Regularization Settings
-----------------------
regularization                   : 0.0
regularization_type              : nor

# Predictions

In [81]:
factorization_pred = factorization_model.recommend(k=120, new_observation_data=test,
                                             exclude=None, exclude_known=False,
                                             random_seed=123, verbose=False)

In [82]:
test3 = test.join(factorization_pred, on=['userId','itemId'], how='left')
test3 = test3.sort('row')

In [83]:
test3.head()

ID,userId,itemId,row,score,rank
16041_10,16041,10,0,2.32468843367,117
16041_107,16041,107,1,1.47171229031,120
16041_1,16041,1,2,3.73109954503,107
16041_40,16041,40,3,6.18635744509,52
16041_96,16041,96,4,4.94744706061,86
16041_137,16041,137,5,7.79970431235,4
16041_51,16041,51,6,4.67210061756,94
16041_59,16041,59,7,6.62484834623,41
16041_135,16041,135,8,5.96890032199,60
16041_15,16041,15,9,6.07083183434,58


# Submission

In [84]:
submit = gl.SFrame({'ID':test3['ID'],'rating':test3['score']})
submit.save('data/submit.csv', format='csv')

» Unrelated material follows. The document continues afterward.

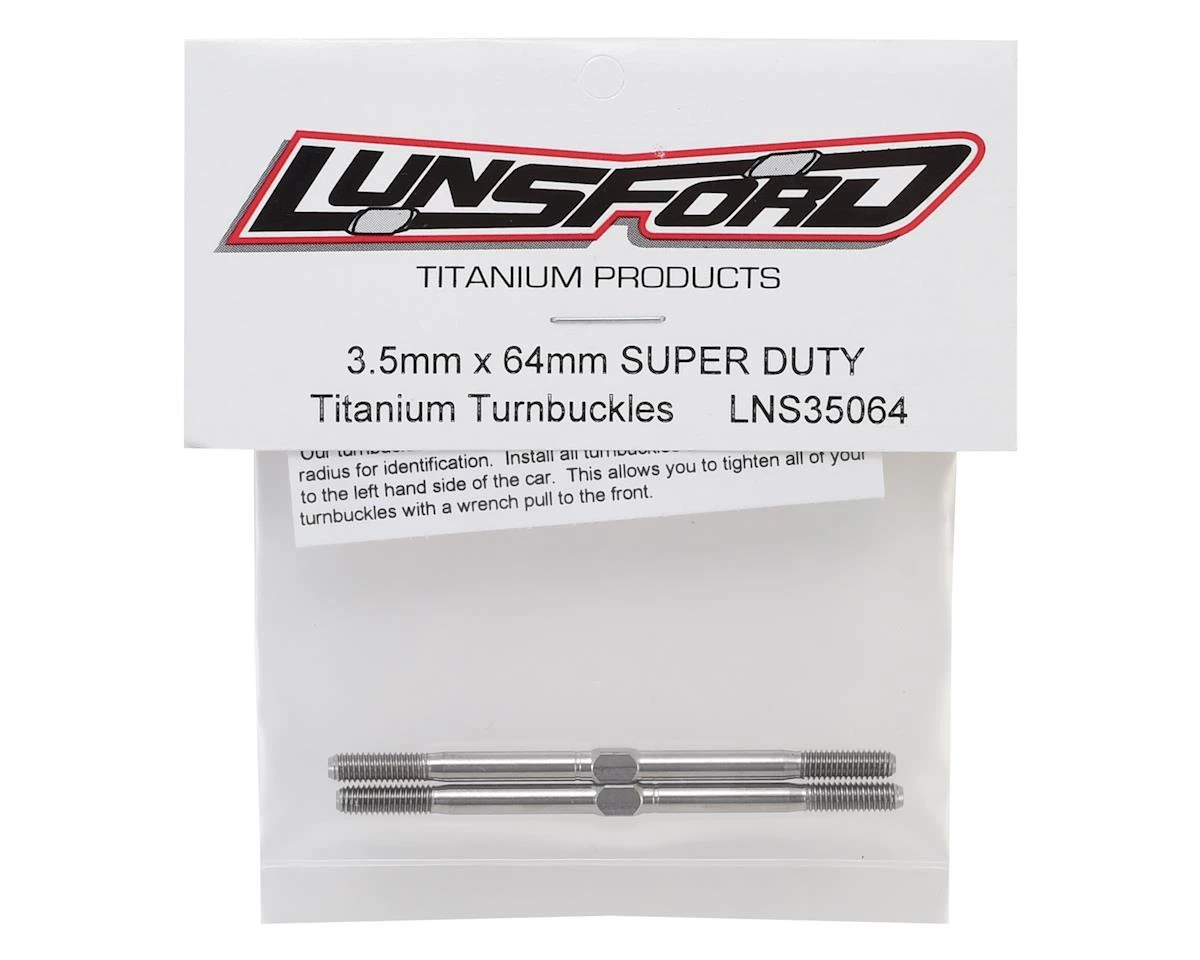 This is a pack of two Lunsford 3.5x64mm “Super Duty” Titanium Turnbuckles for general use. Lunsford turnbuckles are CNC machined and thread rolled from domestic US 6AL/4V grade titanium. If you want to put your car on a diet, this is one of the best places to start eliminating weight, without sacrificing strength.  Â

This model scores the following RMSE,

- Train: 0.000268562
- Public LB: 2.0648
- Private LB: 2.064361

# Approach 2

This involves building user and item side features

In [14]:
users = train.groupby(key_columns='userId',
                      operations={'count': agg.COUNT(),
                                  'rating_mean': agg.AVG('rating'),
                                  'rating_sd': agg.STDV('rating')})

In [16]:
users['rating_mean'] = users['rating_mean'].apply(lambda x: round(x,2))
users['rating_sd'] = users['rating_sd'].apply(lambda x: round(x,2))

In [17]:
users

userId,count,rating_mean,rating_sd
21855,11,5.59,1.55
7899,16,7.06,1.85
30621,29,5.45,1.45
43116,18,6.97,1.16
26319,15,5.23,2.71
26439,9,10.0,0.0
21925,14,6.75,0.94
22098,38,8.3,1.48
26561,10,5.15,2.43
3143,12,6.13,1.45


In [36]:
items = train.groupby(key_columns='itemId', 
                      operations={'count': agg.COUNT(),
                                  'rating_mean': agg.AVG('rating'),
                                  'rating_sd': agg.STDV('rating')})

In [38]:
import numpy as np
a = np.array(items['count'])
np.percentile(a, 50)

6415.0

In [39]:
m = 6500 # Approx. based on 50 percentile i.e. median
n = items['count']
R = items['rating_mean']
c = train['rating'].mean() #5.928695949731271
items['wr'] = ((n/(n+m))*R) + ((m/(n+m))*c)

In [40]:
items['rating_mean'] = items['rating_mean'].apply(lambda x: round(x,2))
items['rating_sd'] = items['rating_sd'].apply(lambda x: round(x,2))
items['wr'] = items['wr'].apply(lambda x: round(x,2))

In [41]:
items

itemId,count,rating_mean,rating_sd,wr
118,6366,6.29,2.61,6.11
60,9852,6.59,2.28,6.33
132,4468,5.66,2.56,5.82
36,8667,6.37,2.5,6.18
136,6558,6.23,2.4,6.08
116,11737,6.71,2.16,6.43
24,9726,6.48,2.31,6.26
2,7393,6.25,2.42,6.1
46,4193,5.79,2.52,5.87
79,6601,5.73,2.5,5.83


In [None]:
factorization_model = gl.ranking_factorization_recommender.create(train,
                                                                  user_id='userId', item_id='itemId', target='rating',
                                                                  user_data=users.select_columns(['userId','count','rating_mean']),
                                                                  item_data=items.select_columns(['itemId','count','wr']),
                                                                  num_factors = 200, max_iterations = 30,
                                                                  #sgd_step_size = 0.016276,
                                                                  sgd_convergence_threshold=1e-06,
                                                                  regularization=1e-09, linear_regularization=1e-09,
                                                                  unobserved_rating_value=0,
                                                                  #ranking_regularization=0,
                                                                  solver = "auto", random_seed=123)

In this case none of the features from neither users and/or items improved the validation RMSE. Each of the features such as count, mean, weighted mean, etc were iteratively tried.